= Positive displacement pipette =

Positive displacement pipettes are a type of pipette that operates via piston-driven displacement. Unlike an air displacement pipette, which dispenses liquid using an air cushion in the pipette tip, the piston in a positive displacement pipette makes direct contact with the sample, allowing the aspiration force to remain constant.

== Applications ==

Since the piston makes direct contact with the sample, the aspiration force in a positive displacement pipette is unaffected by the sample's physical properties. Several liquid handling companies suggest that positive displacement pipettes can be used to accurately pipette very viscous, volatile, hot or cold, or corrosive samples.

===Viscous liquids===

Viscous liquids, such as glycerol, flow very slowly. Glycerol has high dynamic viscosity, and if a researcher aspirates a sample of glycerol too quickly with an air displacement pipette, It will draw up an air bubble. When a researcher attempts to dispense the liquid, some of it will stick to the pipette tip wall, dispense very slowly and remain in the tip. Surfactants also produce this effect, but the remaining liquid film is thinner.
In a positive displacement pipette, the aspiration strength remains constant, so the tip fills evenly. Also, the piston slides along the internal sides of the pipette tip and pushes the total volume out, so no liquid is left behind.

===Volatile liquids===

Volatile liquids such as acetone, hexane, and methanol, evaporate continuously in air displacement pipettes.
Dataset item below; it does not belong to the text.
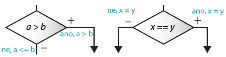 - podmínka nesplněna... pokračuje větví NE (–, no);

Some volatile liquids expand so quickly that they expand the air column in the pipette, which causes leakage: The pipette will lose drops and dispense liquid imprecisely. As drops leak out, they can contaminate the bench, ultimately causing cross-contamination from sample to sample. These drops can also produce a health hazard.

Because there is no air cushion in a positive displacement pipette, liquids do not evaporate or leak. Drops will not fall from the tip, and vapors will not contaminate the internal parts of the pipette. Also, the capillary/piston (CP) tips used for positive displacement pipetting are disposable.

===Hot or cold liquids===

In an air displacement pipette, the ambient temperature is correlated with the volume of the air cushion and affects the aspiration volume. Cold liquids, such as a suspension of restriction enzymes, which are usually handled at 0°C, cause the air cushion to shrink and the pipette to aspirate more liquid than expected, making the pipette over-deliver. Hot samples, such as mammalian cell cultures at body temperature or polymerase chain reaction solutions at 60°C or higher, will cause the air cushion to expand, causing the pipette to aspirate less liquid than expected and making the pipette under-deliver.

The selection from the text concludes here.